Breaking with recent tradition was the Hagerstown-Washington County Chamber of Commerce, which held its own series of forums, produced its own voters guide and endorsed candidates.

The Greater Hagerstown Committee also held forums, which were noteworthy because they explored some issues of the sort not always thought of as political, including the proposed expansion of the Washington County Free Library.

And last but not least, there were the candidates. For the most part, they ran clean, issue-oriented campaigns that educated the voters on their concerns and their abilities. Not all of those endorsed by The Herald-Mail won their races, but none of those who were elected fill us with dread about what they might do.

We have two pieces of advice to the winners regarding those who were not victorious:

· Some ideas brought up by those who did not win deserve additional study. Paul Swartz's proposal to grant scholarships to county high school graduates might be affordable or it might not.
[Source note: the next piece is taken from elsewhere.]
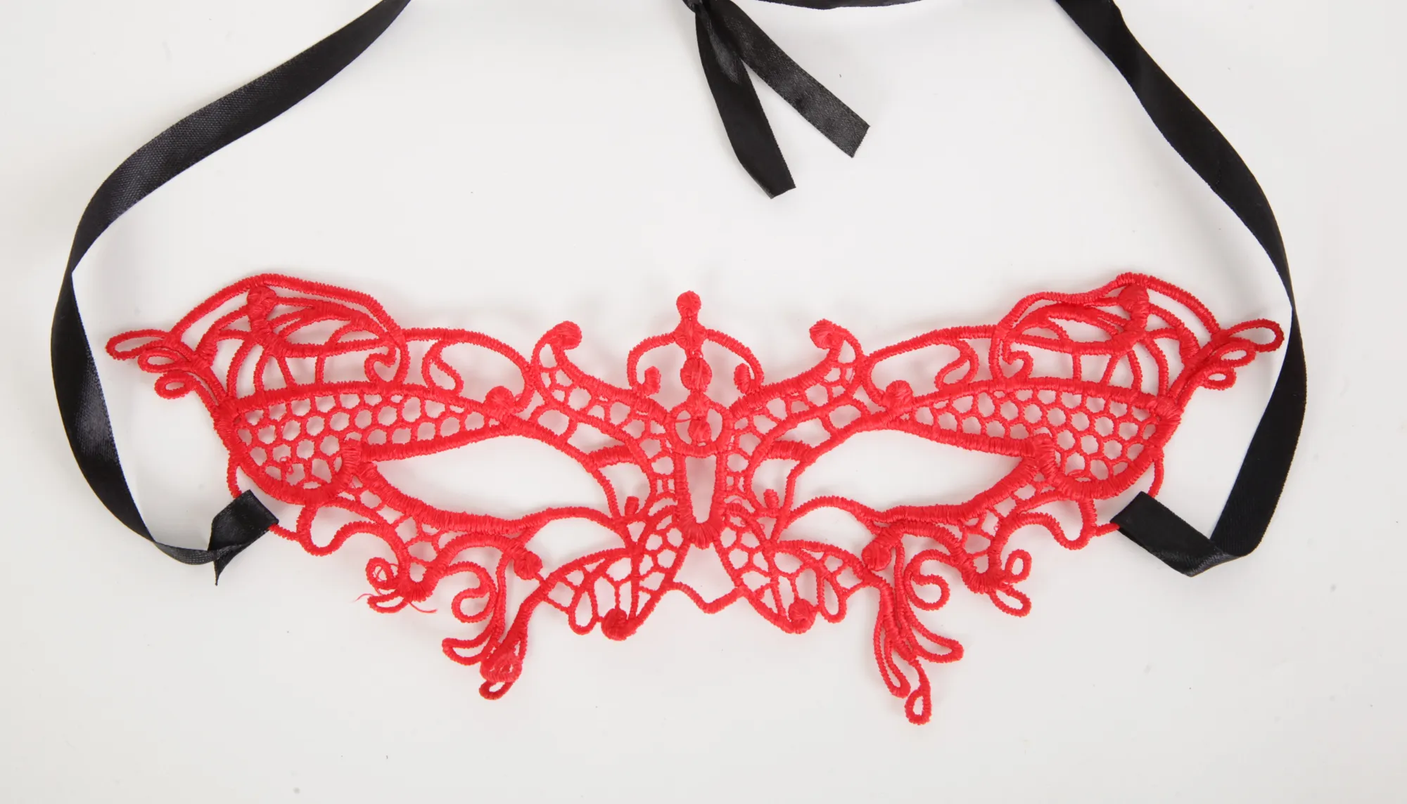 Красная кружевная маска в венецианском стиле с многочисленными узорами. Завязывается на черные атласные ленты. Размеры маски: длина- 24,5 см, ширина - 9 см. Упаковка- картонный конверт.

But such a program would make the county stand out as a place that values college-level education enough to devote significant tax dollars to it.

Also, Donna Brightman's proposal for a Council of Governments might not work as she had envisioned it, but it points out the need for better communication between county government and some of the outlying areas.

· And speaking of Brightman, isn't there some role in government for a candidate who worked so hard to win a job serving local residents? Certainly there is an advisory board that could make use of her talents and those of others who didn't garner enough votes to win.